The primary source for the Buddhist legend of the four harmonious brothers is the Vinayavastu, which forms the first section of the Kangyur, the canon of Tibetan Buddhism. In canons of other Buddhist traditions, such as in the Pāli Canon of Theravāda Buddhism, and in the texts of the Mahāsāṃghika, Mūla-Sarvāstivāda and Sarvāstivāda orders, almost the same Jātaka tale is found in the Vinaya and Jātaka collections. The Dharmaguptaka and Mahīśāsaka orders did not consider the story part of the Jātaka, however, and only included it in their Vinayas.

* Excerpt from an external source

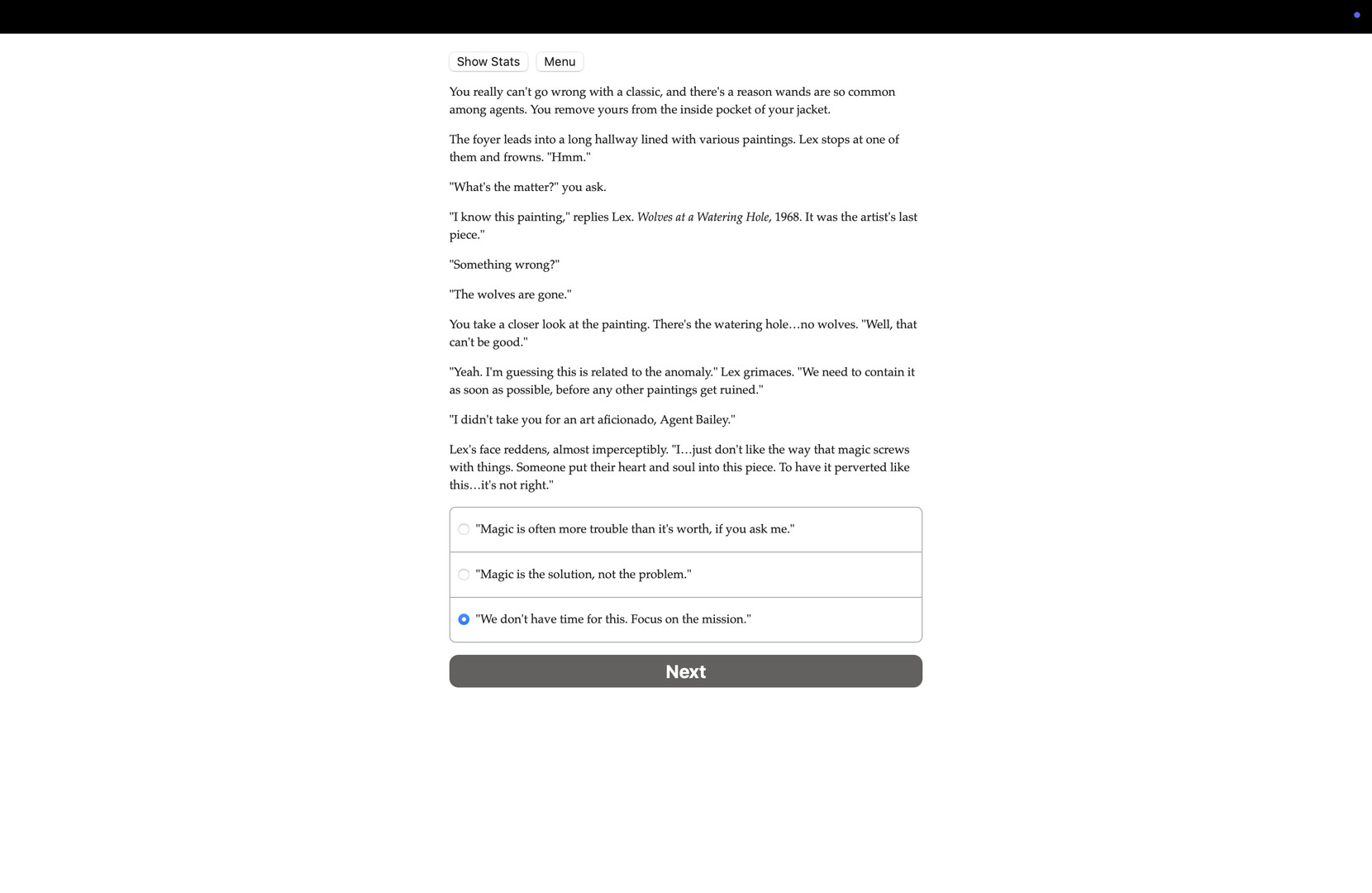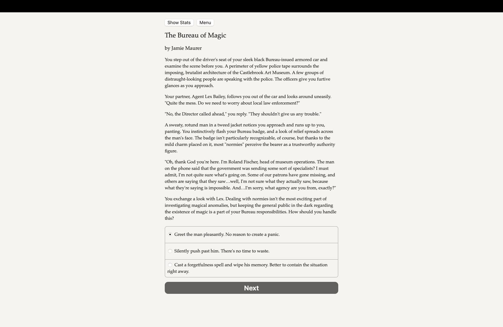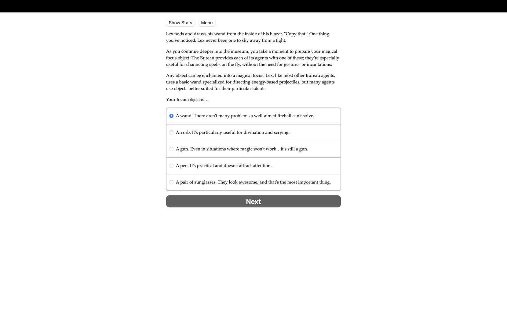 Recover a stolen artifact and lose your heart as a secret magical agent! Can you uncover an arcane conspiracy before the clock runs out? An interactive, text-based magical romance novel.

Bhikkhu Analayo believes that the story originally was not considered a previous life of the Buddha, but a didactic parable taught by the Buddha.

== Similar motifs worldwide ==
Old Irish scholar Eleanor Hull has pointed out that the story may reveal a custom of the ancient world to determine the date based on the life spans of different animals. Stories dealing with the question which animal lives the longest are found throughout the world. Most versions of the story usually feature three animals, as indeed, the Pali and Chinese versions of the Jātaka do. As for the fourth animal not present in the Pāli version, the hare—it was included in later versions.

A similar story was made famous when the Brothers Grimm included it in their collection of folk tales, as the "Town Musicians of Bremen".